1. Uveitis secondary to glaucoma: Because uveitis can also cause elevated intraocular pressure, and it requires glucocorticoid treatment, glucocorticoids on the one hand inhibit the inflammation to increase the production of aqueous humor, in addition to the above glucocorticoid Hormone-induced glaucoma leads to an increase in intraocular pressure. In this case, it is difficult to make a differential diagnosis. If it is highly suspected that the intraocular pressure is elevated due to glucocorticoids, other less elevated intraocular pressure may be used. Corticosteroid preparations, decreased intraocular pressure after dressing change may indicate high intraocular pressure caused by glucocorticoids. If there is no change in intraocular pressure, uveitis is more likely to be secondary to glaucoma.
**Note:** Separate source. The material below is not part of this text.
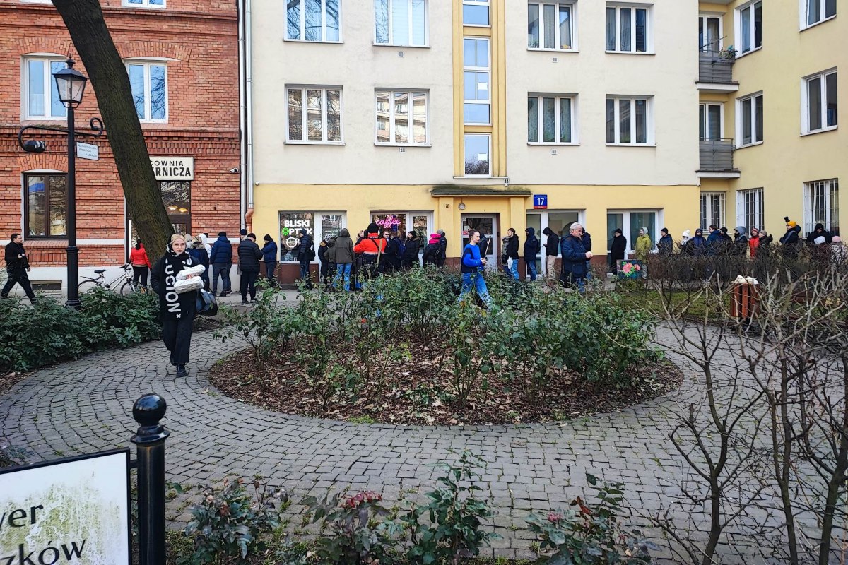 Jak dowiedzieliśmy się najwytrwalsi stoją tu już od samego rana. Kto stanął po 7 rano, ma szansę odebrać pączki teraz. Osoby stojące na początku kolejki mówią, że dostanie się na jej początek zajęło im 4,5 godziny.

2. Traumatic angle of the anterior recoil, exfoliation syndrome, pigment dissemination syndrome: There is the possibility of glaucoma, and there is also the possibility of high sensitivity to glucocorticoids. If the above cases of elevated intraocular pressure should be excluded first No use of glucocorticoids, if the history of useful drugs should be discontinued to observe the intraocular pressure and then make a diagnosis.

3. Others: In some cases, due to the unclear use of glucocorticoids, there has been a history of elevated intraocular pressure, and cases with normal intraocular pressure at the time of treatment may also be stimulating with glucocorticoids.